“我在想给贤妃娘娘送礼的事,左思右想,都怕礼太薄,拿不出手,你也帮我想想。”沈荣华促狭一笑,靠在连成骏怀里,乐得让他摩挲逗弄。
连成骏冷哼一声,说:“看明天唐璥的反应,你再算计这份礼怎么出。”
沈荣华点点头,很小心地问:“你刚才是不是接到了不好的消息?”
“也不算不好的消息。”连成骏撇了撇嘴,说:“连成驭和西金国的三公主金琉璃成亲了,他是西金国招赘的驸马,也就是西金国未来的皇帝或是皇夫。他若想稳固自己的地位,就要让狄武赫信任他,并对他全力支持。根据我对他战略战术的了解,他会在过年时对盛月皇朝西塞北的边境线发动攻击。现在西塞北防线的主将是锦乡侯苏翼及其嫡长子苏澜,若真交锋,他们不是西金国的对手。只要西塞北的防线一动,整个北疆防线都会动,这回不知会被驱退多少里呢。”

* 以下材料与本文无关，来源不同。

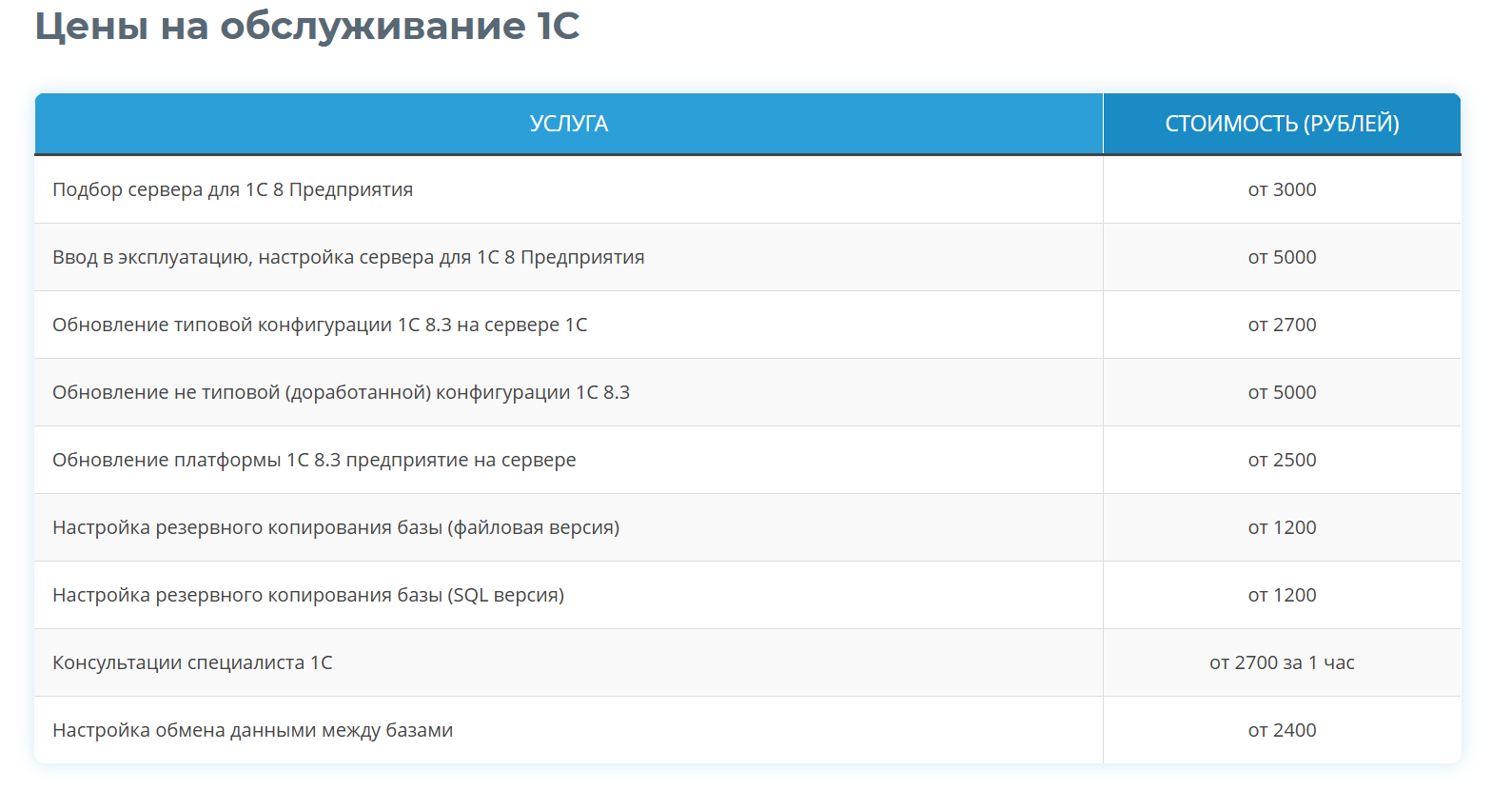 Заголовок: Цены на разовые услуги по Обслуживанию 1С (??)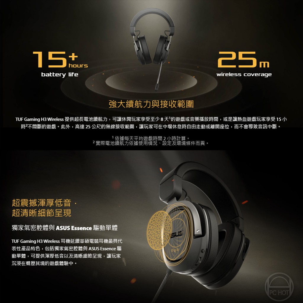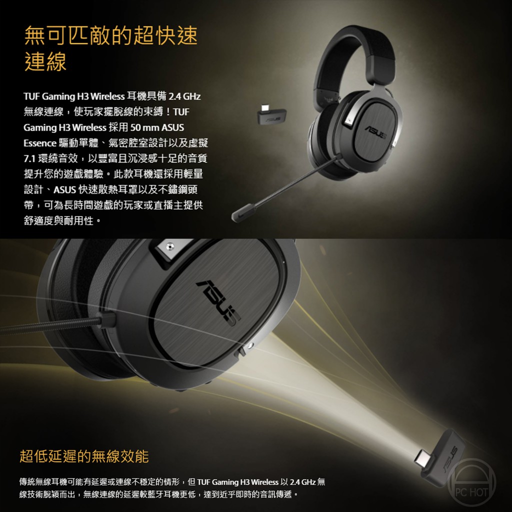 ASUS 華碩 TUF Gaming H3 Wireless 耳罩式耳機 無線耳機 電競耳機 華碩耳機 超長續航主商品|♻福利品【缺說明書.外包裝盒損】|主商品+黑色耳機架ROG 華碩授權店 | 電競周邊館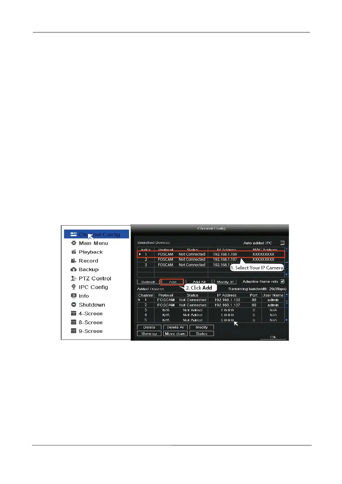 Address, Add IP Camera, Modify IP, Delete/Modify/move up/move down added device.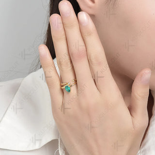 Kuololit1.0CTW Lab Grown Emerald and Moissanite Gemstone Ring for Women Solid18K14K10KYellow Gold for Christmas Anniversary Gift
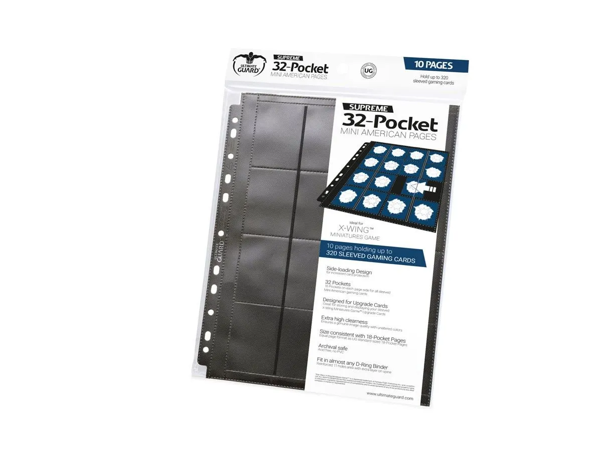 Side-loading Pocket Pages with extra clear, acid-free polypropylene for all sleeved Mini American-sized gaming cards. Optimized for sleeved cards 32 sleeved cards per page Side-loading pocket Design Prevents your cards from falling out of your binder when carrying it around Durable Polypropylene material The high quality material keeps your pages durable and strong, even after many uses Secure hold in the album Binder Reinforced 11-holes area with extra layer on spine Extra high clearness Ensures a genuine image quality with unaltered contrast and colors

沈荣华很紧张,问:“你想怎么办?是不是要去助锦乡侯父子一臂之力?”
连成骏在沈荣华的鼻子上刮了一下,很干脆地摇头说:“争权夺势、攻城掠地之事都交给别人做,我只想陪着我的娘子居于青山绿水之间,享四季安宁。”
“真的?几国交锋之事你什么都不说、什么都不管?”沈荣华希望连成骏能与她朝夕相处、安宁度日,可又觉得自己的想法太自私,会埋汰连成骏的睿智。
“要说,也该说。”连成骏拍了拍沈荣华的手,“一会儿我们去看看连家的老太太,跟她说她最寄予全部希望、宠到心尖上的嫡孙成了西金国的驸马,要配合狄武赫向盛月皇朝的边境发起攻击,问她想想跟嫡孙一起去西金国享清福。”

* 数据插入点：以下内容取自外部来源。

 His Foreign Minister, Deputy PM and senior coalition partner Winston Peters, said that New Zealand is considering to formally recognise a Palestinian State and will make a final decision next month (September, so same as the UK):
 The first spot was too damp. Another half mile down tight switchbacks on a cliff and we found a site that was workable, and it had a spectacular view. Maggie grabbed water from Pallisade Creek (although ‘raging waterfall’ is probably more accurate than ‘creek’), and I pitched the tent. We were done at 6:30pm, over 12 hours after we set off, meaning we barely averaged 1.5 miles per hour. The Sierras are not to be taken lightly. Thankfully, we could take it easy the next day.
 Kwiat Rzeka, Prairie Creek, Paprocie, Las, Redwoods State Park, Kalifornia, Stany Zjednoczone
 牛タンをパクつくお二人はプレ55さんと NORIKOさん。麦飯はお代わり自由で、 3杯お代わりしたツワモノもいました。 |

“有必要吗?”沈荣华觉得端阳郡主都落魄至此了,没必要再去刺激她。
“怎么没必要?若沈家老太太走到这一步你会怎么做?”连成骏眯起眼睛凝望窗外,“我也讲忠孝仁义,但要看对谁,不管对谁,我都不讲妇人之仁。”
“随便你吧!不管你怎么做、做什么,我都能理解,但不敢保证全支持。还有,若沈老太太落到这一步,我会让世间人看尽她的笑话,再让她慢慢死去。”

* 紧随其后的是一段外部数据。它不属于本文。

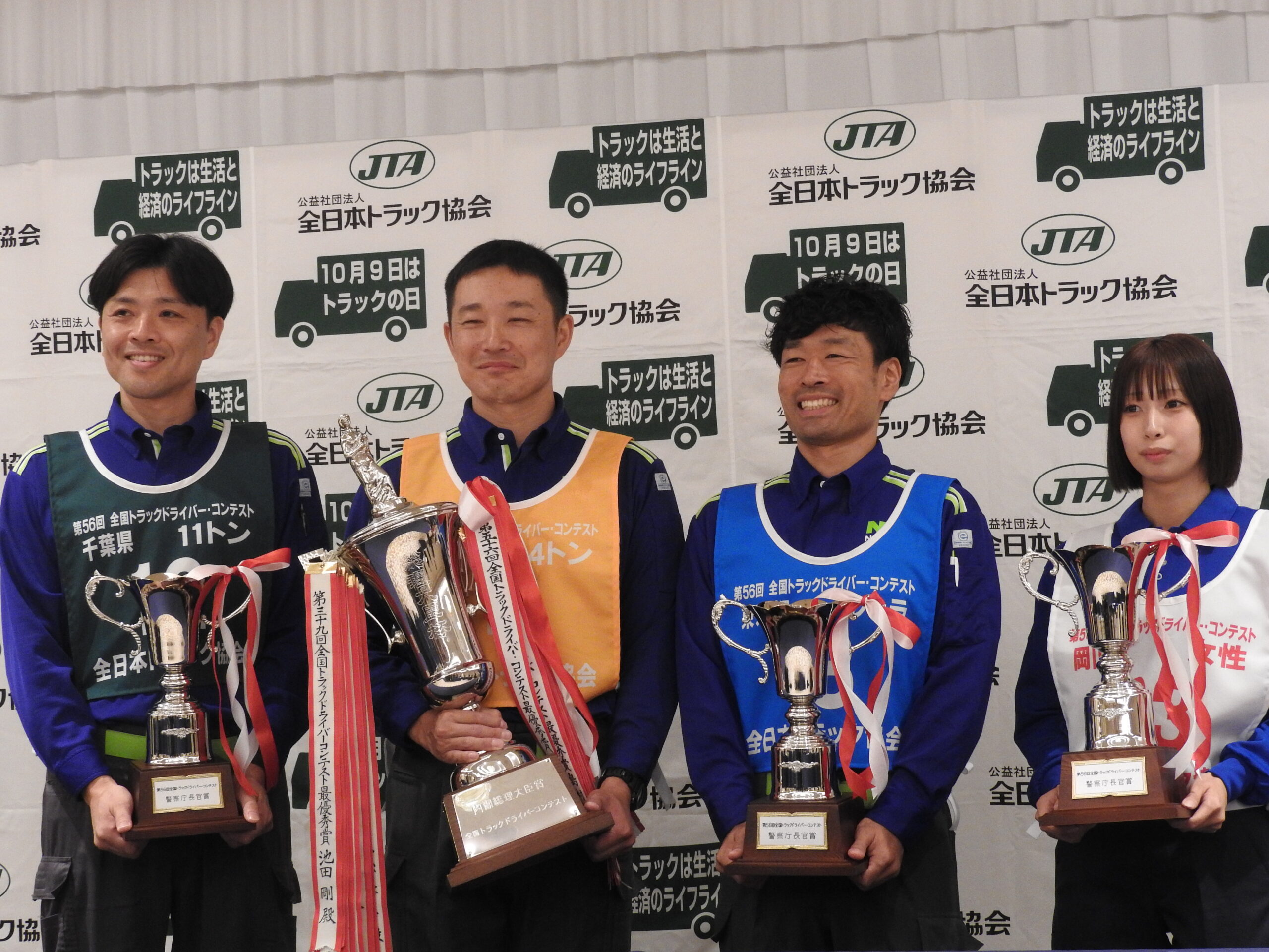 2024年10月28日に「第56回全国トラックドライバーコンテスト」(同26日・27日に開催)の表彰式が東京都港区のホテルで挙行された。4トン・11トン・トレーラー・女性の各部門からそれぞれ上位5名など、総勢20名を超えるトラックドライバーが、仲間や前日までしのぎを削り合ったライバルに迎えられて登壇した。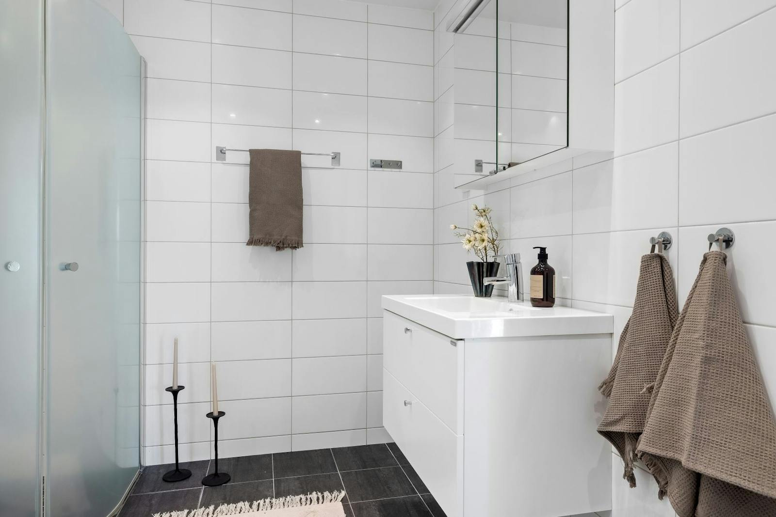 Modern villa i souterräng med ljusa nyanser och fina materialval. Vattenburen golvvärme på nedre plan och övre plan har element (vattenburna).

连成骏把沈荣华拥到怀里,叹气说:“荣华,你我同命相怜,恨也一样。”
“好,那我就赔你一起去,由我向连家老太太宣布连成驭被招为西金国三驸马的喜讯,坏人让我来做,若她怨恨,就让她来恨我。”沈荣华知道因为端阳郡主偏心连成驭,在连成骏幼小的心里留下了极重的阴影。但端阳郡主毕竟是高贵之人,但不会象沈老太太一样把事情做得那么绝,不给任何人留一点退路和余地。
两人手挽手走出院门,就看到山竹朝他们匆匆走来,象是有事要禀报。两人停住脚步,山竹也放慢了脚步,从袖袋掏出几封信,过来交给连成骏。
“主子,姑娘,山梅已混进了南平王府别苑,刚刚让蛇影送来消息。雁鸣和周嬷嬷几人被关在内宅的花房里,听说姑娘平安无事,她们都很高兴。和她们一起被关到花房的人还有伺候沈老太太的朱嬷嬷,这朱嬷嬷老惨了,一口牙全被敲掉了,舌头也被割了。听说南平王世子要给镶金牙、安玉舌头,可她现在已奄奄一息,给她一座金山,她也没命花了。伺候孟表小姐的几个丫头婆子也被关进了花房,今天才放出来,都派到洗衣房做粗使了。昨夜,孟表小姐让鹂语伺候南平王世子,南平王世子让她去伺候商船上的水手,今早就听说死在了船上。”